# TASK ITEM:
Only the lines from the start of the data to the line containing "Featuring faux suede", both included, should be output, exactly and without pictures.

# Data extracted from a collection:
※ ※ ※
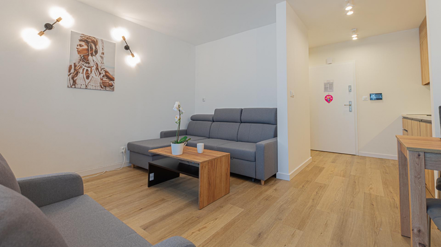 VacationClub™ Apartamenty Zakopiańskie, Apartament 328 to 1-pokojowy apartament znajdujący się na trzecim piętrze nowoczesnego kompleksu apartamentowego. Apartament posiada przestronny salon z sofą rozkładaną oraz sofą jednoosobową, aneks kuchenny i część jadalnianą. Usytuowany w spokojnej dzielnicy Zakopanego nieopodal Bachledzkiego Wierchu oraz ośrodku narciarsko-rekreacyjnego Harenda (2,5 km). Miłośnicy długich wędrówek górskich oraz sportów zimowych z pewnością odnajdą w naszym obiekcie idealne miejsce do wypoczynku i regeneracji. Nasza strefa rekreacji, znajdująca się w centralnej części budynku, została stworzona z myślą o Gościach i oferuje szeroki wachlarz udogodnień. W skład tej strefy wchodzą: sauna sucha i mokra, jacuzzi, miejsce z solną ścianą oraz wygodne leżaki do relaksu. Dla tych, którzy preferują aktywność fizyczną, dostępna jest także siłownia. Dbając o naszych najmłodszych gości, przygotowaliśmy kompleks rozrywkowy, który obejmuje dobrze wyposażoną salę zabaw oraz brodzik wodny, umiejscowiony obok jacuzzi. Dla większości naszych apartamentów roztacza się malowniczy widok na Tatry, w tym na szczyty, takie jak Giewont, Gubałówka i Harenda.
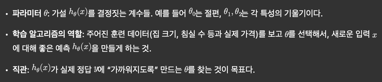 - 가설 h: 새로운 집의 크기 등을 입력받아 가격을 예측하는 함수.
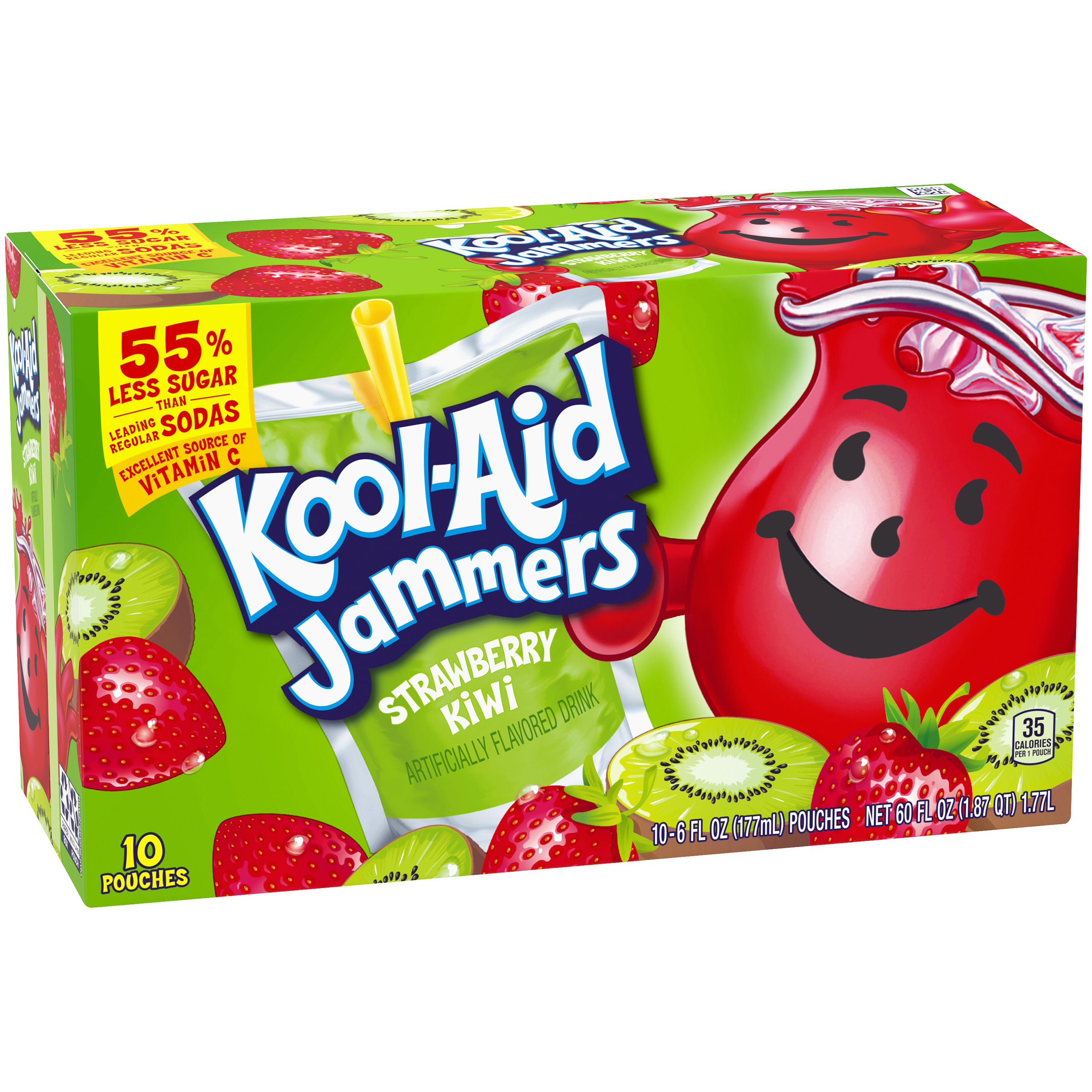 Kool Aid Jammers Strawberry Kiwi Artificially Flavored Soft Drink 10 Ct Box 6 Fl Oz Pouches Walmart Com Walmart Com
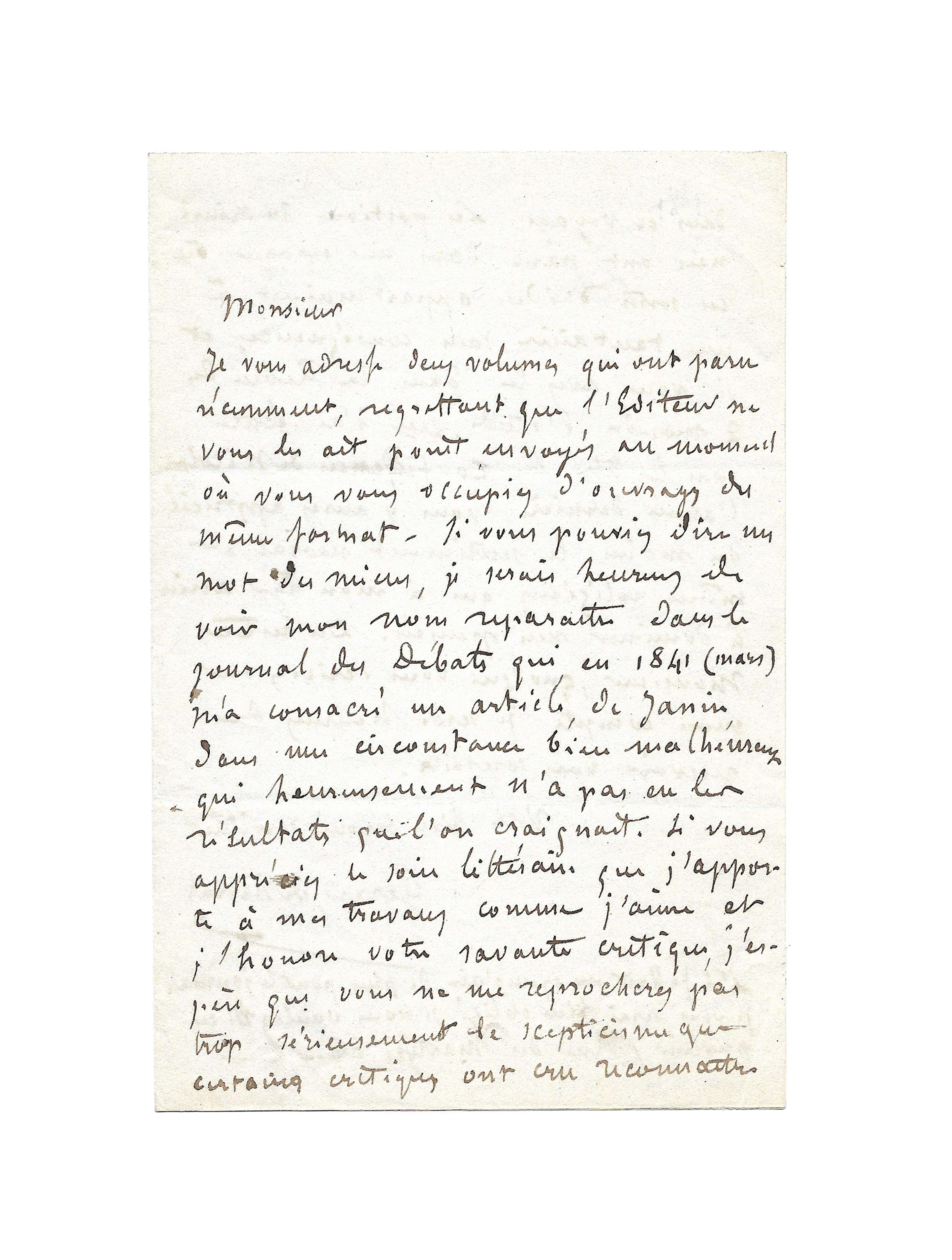 Je vous adresse deux volumes qui ont paru récemment [Voyage en Orient], regrettant que l’Editeur ne vous les ait point envoyés au moment où vous vous occupiez d’ouvrages du même format. Si vous pouviez dire un mot des miens, je serais heureux de voir mon nom reparaître dans le Journal des Débats qui en 1841 (mars) m’a consacré un article de Janin dans une circonstance bien malheureuse qui heureusement n’a pas eu les résultats que l’on craignait.
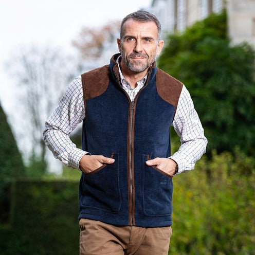 Featuring faux suede shoulder pads and open pockets for a classic rural style, the Baleno Newington Mens Fleece Bodywarmer includes an interior zip pocket to act as a supplemental lining in the Oakwood and Livingstone collections.
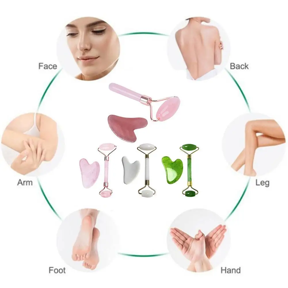 Камень для массажа лица Kamien Gua Sha, Нефритовый камень из розового кварца, 2 шт.компл., ролик для массажа лица, скребок для лица
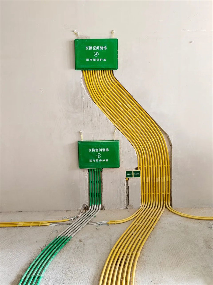 △強弱電線管交叉,強電黃色、弱電綠色不允許混用,弱電線管整齊纏繞錫箔紙,兩頭平直,兩邊各超出強電線管150mm,合格。
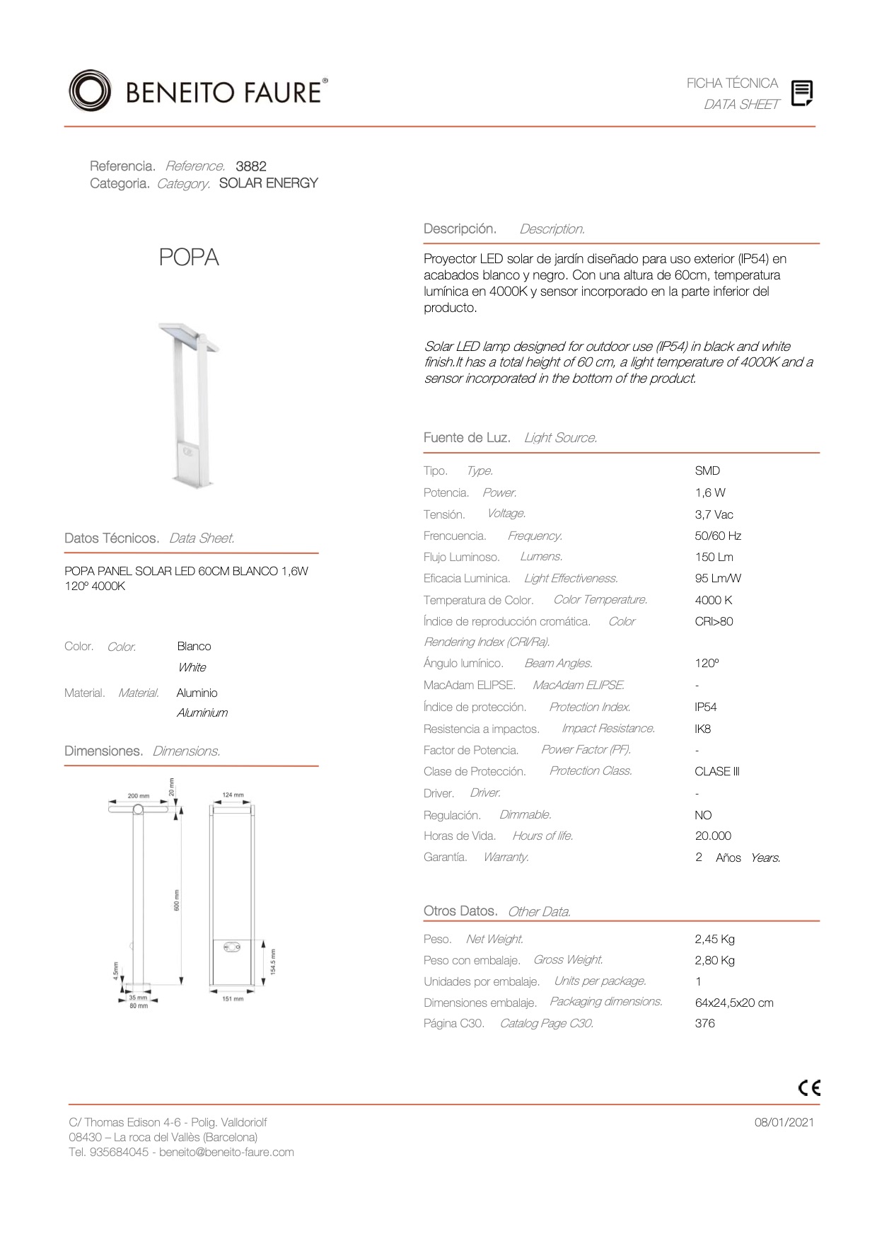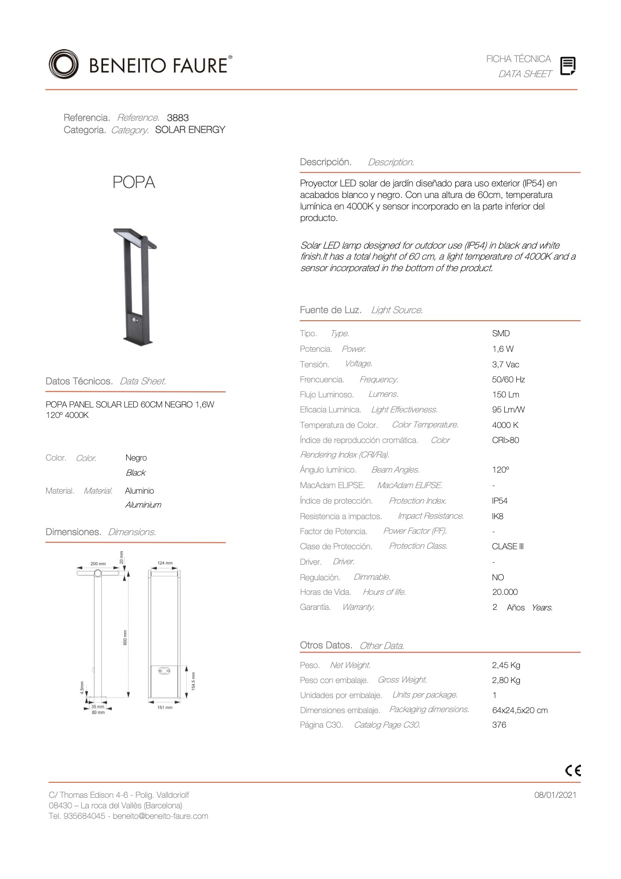 POPA SOLAR Sensor Stehleuchte 1,6W 120° 4.000K 600mm
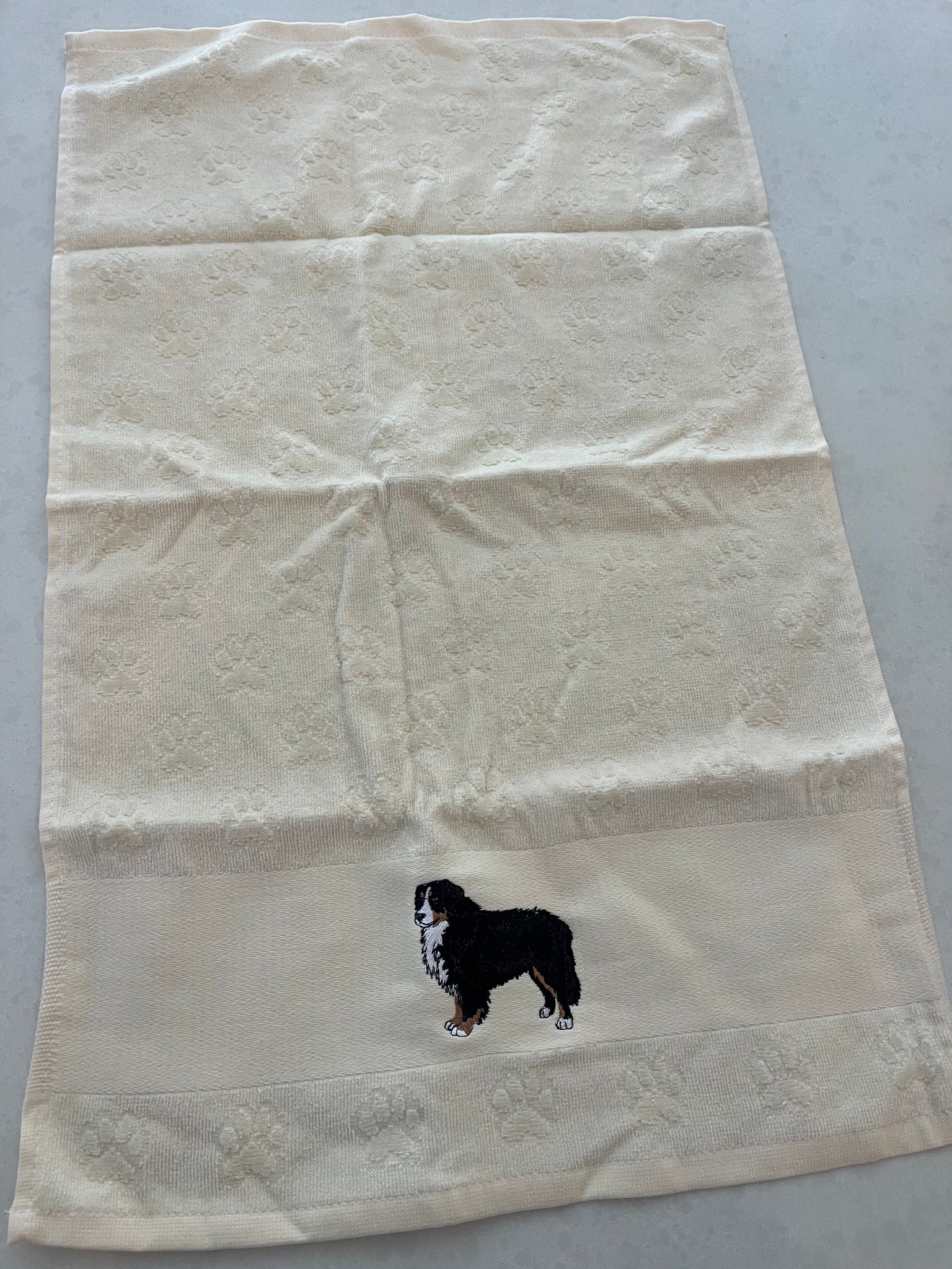 Meet the Bernese Mountain Dog Embroidered Towel – the perfect, practical partner for our festive drool bibs!
※ ※ ※
# SOLVED EXERCISE:
 VacationClub™ Apartamenty Zakopiańskie, Apartament 328 to 1-pokojowy apartament znajdujący się na trzecim piętrze nowoczesnego kompleksu apartamentowego. Apartament posiada przestronny salon z sofą rozkładaną oraz sofą jednoosobową, aneks kuchenny i część jadalnianą. Usytuowany w spokojnej dzielnicy Zakopanego nieopodal Bachledzkiego Wierchu oraz ośrodku narciarsko-rekreacyjnego Harenda (2,5 km). Miłośnicy długich wędrówek górskich oraz sportów zimowych z pewnością odnajdą w naszym obiekcie idealne miejsce do wypoczynku i regeneracji. Nasza strefa rekreacji, znajdująca się w centralnej części budynku, została stworzona z myślą o Gościach i oferuje szeroki wachlarz udogodnień. W skład tej strefy wchodzą: sauna sucha i mokra, jacuzzi, miejsce z solną ścianą oraz wygodne leżaki do relaksu. Dla tych, którzy preferują aktywność fizyczną, dostępna jest także siłownia. Dbając o naszych najmłodszych gości, przygotowaliśmy kompleks rozrywkowy, który obejmuje dobrze wyposażoną salę zabaw oraz brodzik wodny, umiejscowiony obok jacuzzi. Dla większości naszych apartamentów roztacza się malowniczy widok na Tatry, w tym na szczyty, takie jak Giewont, Gubałówka i Harenda.
 - 가설 h: 새로운 집의 크기 등을 입력받아 가격을 예측하는 함수.
 Kool Aid Jammers Strawberry Kiwi Artificially Flavored Soft Drink 10 Ct Box 6 Fl Oz Pouches Walmart Com Walmart Com
 Je vous adresse deux volumes qui ont paru récemment [Voyage en Orient], regrettant que l’Editeur ne vous les ait point envoyés au moment où vous vous occupiez d’ouvrages du même format. Si vous pouviez dire un mot des miens, je serais heureux de voir mon nom reparaître dans le Journal des Débats qui en 1841 (mars) m’a consacré un article de Janin dans une circonstance bien malheureuse qui heureusement n’a pas eu les résultats que l’on craignait.
 Featuring faux suede shoulder pads and open pockets for a classic rural style, the Baleno Newington Mens Fleece Bodywarmer includes an interior zip pocket to act as a supplemental lining in the Oakwood and Livingstone collections.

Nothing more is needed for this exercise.